Sobre como construir uma grande banda, algumas sacadas interessantes. Temos, por exemplo, o fator “uau”: como uma banda tem que desenvolver seu som e seu show até o ponto em que se torna tão incrível que não pode ser ignorada. Na opinião de Bown, foi esse um dos fatores que levou o Pantera à fama, em especial quando faziam shows de abetura para bandas maiores: impressionando os presentes e angariando mais fãs. Aliás, ele ressalta o quanto uma base de fãs é vital: embora o grupo nunca tenta tido hits no rádio, tinha fãs fiéis em todo o mundo, que lotavam os shows. E, principalmente, a importância de fazer uma intensa e extensa rotina de shows no começo de carreira: para formar público, entrosar a banda e dar uma certa credibilidade às bandas. Nesse sentido, temos o depoimento do empresário do Pantera, Walter O’ Brien, ressaltando que isso era necessário para criar um forte elo com os fãs. Em suas palavras, sobre o lançamento de Cowboys From Hell:

“Normalmente, bandas de metal tocariam por apenas oito semanas mas eu disse ‘Não, essa banda tem que tocar todos os dias da semana pelo menos por um ano’, porque é assim que você faz uma banda estourar”

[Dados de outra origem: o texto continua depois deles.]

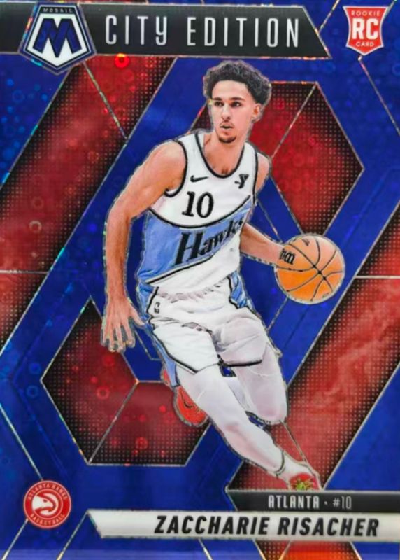 The Zaccharie Risacher 2024 Mosaic #274 City Edition - Fast Break Blue /85 Rookie card in Raw condition has moved up $4.00 (+88.9%) in the last 30 days and was last sold for $8.50 .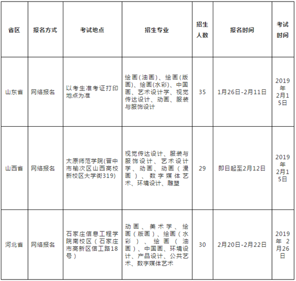 2019騫村唴钂欏彜鑹烘湳瀛﹂櫌鎷涙敹鍏ㄦ棩鍒舵湰縐戜笓涓?100浜恒傚叾涓潰鍚戝寳浜佸ぉ媧ャ佹渤鍖椼佸北瑗褲佸北涓溿佽窘瀹併佸悏鏋椼侀粦榫欐睙銆侀檿瑗褲佸畞澶忋佺敇鑲冦侀潚嫻楓佹柊鐤嗙瓑13涓渷甯傝嚜娌誨尯鎷熻鍒掓嫑鐢?61浜猴紝鎵鏈夋嫑鐢熶笓涓氬潎涓烘湰縐戜笓涓氾紝瀛﹀埗鍥涘勾錛屽悇涓撲笟瀛﹁垂鍧囦負7200鍏冣垥騫淬傞渶鐙珛璁劇疆鑹烘湳(鏂?鎴栬呰壓鏈?鐞?鎷涚敓璁″垝鐨勭渷浠斤紝鍙嫑鏀惰壓鏈?鏂?鑰冪敓錛屼笉闇鐙珛璁劇疆鑹烘湳鏂囩悊璁″垝鐨勭渷浠斤紝鎵鏈夎壓鏈被鑰冪敓鍧囧彲鎶ヨ冦傛枃鍖栦駭涓氱鐞嗗拰鑹烘湳鍙茶涓撲笟鍙嫑鏀舵枃鍙茬被鑰冪敓銆傚鏍℃嫑鐢熻鍒掍細鏍規嵁鐢熸簮鎯呭喌鍙婂悎鏍間漢鏁拌繘琛岃皟鏁達紝鍏蜂綋褰曞彇涓撲笟鍙婃嫑鐢熻鍒掓渶緇堜互鍚勭渷甯傞珮鎷涘姙鍏竷淇℃伅涓哄噯銆?

Por todo o livro, o baixista vai aos poucos elencando os problemas básicos que levararam o Pantera – e em geral levam toda grande banda – à deterioriação de seu relacionamento. Essa lista inclui: a entrada de grandes quantias de dinheiro, fama, drogas e/ou álcool, crises de estrelismo, excesso de turnê, falta de comunicação. E, também, um item muitas vezes subestimado, mas que atrapalha muito: a influência de terceiros, em especial os puxa sacos e “amigos” da fama.

Um dos momentos mais esperados do livro é, claro, a visão sobre as consequências do assassinato do guitarrista Dimebag Darrell por um “fã”, em 08 de dezembro de 2004 em pleno show do Damageplan – grupo pós Pantera que o guitarrista havia montado com seu irmão Vinnie Paul Abbott. Os detalhes deixo para o livro – incluindo um Eddie Van Halen fora de si no funeral. Mas é curioso que embora Rex Brown não culpe ninguém – apenas o assassino em si – não deixa de criticar (com razão) a parte rasa da imprensa que cutuca declarações polêmicas aqui e ali para ir requentando um caldo de discórdia. Ele não culpa a imprensa pela tragédia, mas reconhece que a constante regurgitação de polêmicas entre os membros do grupo acabou esquentando o clima mais do que o necessário.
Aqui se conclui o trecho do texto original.